Drinks industry calls for ‘reopening roadmap’ for 3,500 closed pubs


A roadmap to bring certainty to publicans and comfort to local communities is needed urgently and should be debated by the Dáil today 

Group welcome comments this morning from Minister McEntee on getting pubs reopen  

  • Ireland’s pubs and bars continue to endure longest lockdown in the EU 
  • Group seeking 15% reduction in excise tax on alcohol to be provided in the Budget as Ireland’s excise is the second highest in the EU 
  • DIGI represents over 14,000 drinks and hospitality businesses  
  • 13 EU member states reopened their bars in May; nine, reopened in June 

The Drinks Industry Group of Ireland (DIGI), the umbrella organisation that represents Ireland’s drinks and hospitality industry, including pubs, restaurants, hotels, off-licences, brewers, and distillers, has called for a reopening roadmap for the 3,500 pubs that remain closed to bring certainty to publicans and comfort to local communities as the lockdown of pubs – ‘community hubs’ – is severely impacting our rural towns and villages.  

The call comes as the Dáil is set to return today and debate the proposed legislation to empower Gardaí to close any pubs that are not complying with public health guidelines. 

The group welcomed comments from the Minister for Justice Helen McEntee TD this morning with regard the legislation which would ‘pave the way for wet pubs to reopen’ and look forward to that pathway being defined. 

According to DIGI, a debate centred on reopening the 3,500 pubs needs to happen in tandem and a roadmap for the reopening prioritised urgently. 

The group is also calling for a reduction in excise tax in Budget 2021 as data shows Irish pubs and bars have endured the longest lockdown in the EU. 
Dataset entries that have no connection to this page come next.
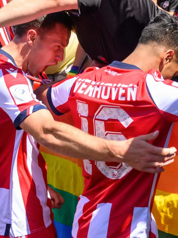 Amid the jubilation in the Atlético Ottawa locker room on Sunday, a handful of players had two reasons to celebrate. The club’s second win in June (a 2-1 triumph over Pacific FC thanks to Zach Verhoven’s late winner) didn’t just put them within a point of first place in the CPL; it also added another chunk of money to the team’s Playing for Pride campaign. This year, four Atlético Ottawa players — Chris Mannella, Carl Haworth, Ben McKendry, and Sean Melvin — are taking part in the annual Pride Month fundraiser, in support of Athlete Ally — a nonprofit organization focused on making sports more inclusive for the LGBTQI+ community. Essentially, the more success Ottawa have on the pitch in June, the more money they’ll raise; every point earned, every goal scored, and every clean sheet kept adds to the total figure participants will donate.
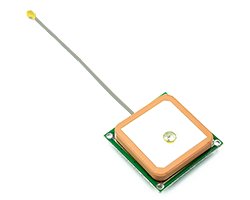 アクティブGPSアンテナ、セラミックパッチ、RFアンプ内蔵、周波数帯域:1575.42±1.023MHz、VSWR:2:1、バンド幅:±30MHz、出力インピーダンス:50Ω、利得:>28dB、MAX 32dB、供給電圧:3〜5V、消費電流:10mA、外形寸法:25x25x8mm、ケーブル長:10cm、コネクタ:U.FL(IPEX)、表記価格:1
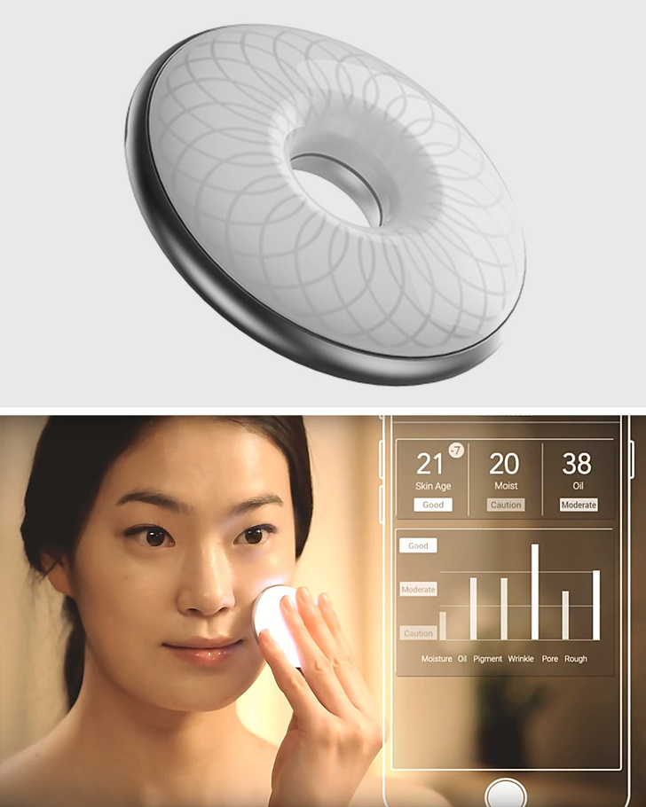 Маленький бублик, який вміє аналізувати стан шкіри (зволоженість, жирність, пігментацію та ін), відслідковувати умови навколишнього середовища і давати корисні рекомендації по догляду в додатку. Пристрій важить 23,5 м, а заряд здатне тримати більше тижня.
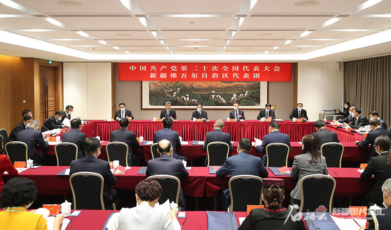 10月15日,出席中国共产党第二十次全国代表大会的新疆维吾尔自治区代表团举行全体会议。天山网-新疆日报记者 崔志坚摄

‘60% of Ireland’s pubs and bars have been closed for almost six months. That is 3,500 pubs who are businesses, and in the majority of cases, the main employer in our towns, villages and rural communities. Pubs are the main source of income for families, our young people and as many as 90,000 people directly employed by the drinks industry. They are community hubs that provide a place to socialise and for people to gather and meet in local communities – the continued lockdown is severely impacting on community life, further exasperating the effects of the necessary Covid-19 lockdown since March.’ 

‘As our leaders meet today, we urge them to put the reopening of pubs firmly on their agenda and to provide some certainty to allow these businesses to plan, both financially for the future of the business and personally – business owners have bills to pay and family commitments to meet. And to provide some comfort to local communities to assure them normality will resume. The alternative is devasted communities and job losses as businesses will fold. 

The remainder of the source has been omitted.